Machine Learning is an involved statistics, system identification, approximation theory, neural network, optimization theory, computer science, brain science, and many other areas of interdisciplinary, studies how computer simulation or implement the human Learning behavior, with new knowledge or skills, reorganize the existing knowledge structure to improve its own performance, Is the core of artificial intelligence technology. Data-based machine learning is one of the important methods in modern intelligence technology. The research starts from the observed data (samples) to look for rules, and use these rules to predict the future data or the data that cannot be observed.

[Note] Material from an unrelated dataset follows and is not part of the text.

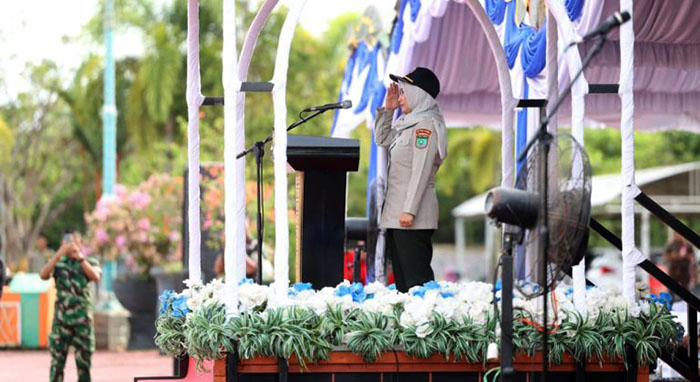 Bupati Tanah Bumbu, H. Andi Rudi Latif, A.Md.T., S.H., M.M., melalui Sekretaris Daerah (Sekda) Tanbu, Yulian Herawati bertindak sebagai inspektur apel.

There are different classification methods of machine learning according to different learning modes, learning methods and algorithms.
(1) According to learning modes, machine learning is classified into supervised learning, unsupervised learning and reinforcement learning, etc.

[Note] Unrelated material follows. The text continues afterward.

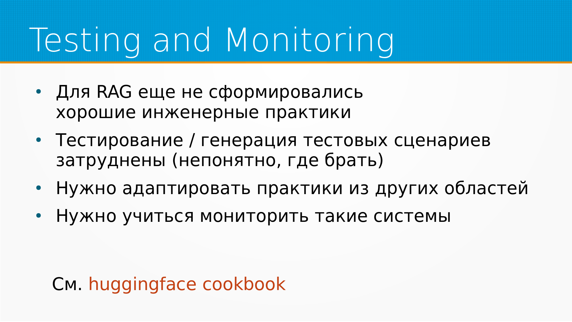 Ну и про тестирование. Для RAG нет хороших инженерных практик, Это как раз статья, это попытка их возвести. С тестированием и генерацией тестовых сценариев трудно. В общем, не очень понятно, как их тестировать, как составлять тестовые случаи. И процесс адаптации практики с других областей только идет. И как мониторить такие системы тоже непонятно. Хаггинфейс тут недавно выкатили репозиторий с кук-буками. И я от себя добавил ссылку. Может быть там, мне кажется, полезные замечания от Хаггинфейса.

Supervised learning is the use of labeled limited training data set, through a certain learning strategy/method to build a model, to achieve the new data/instance labeling (classification)/mapping, the most typical supervised learning algorithms include regression and classification. Supervised learning requires that the classification labels of the training samples are known. The higher the accuracy of the classification labels, the more representative the sample, and the higher the accuracy of the learning model. Supervised learning has been widely used in natural language processing, information retrieval, text mining, handwriting recognition, spam detection and other fields.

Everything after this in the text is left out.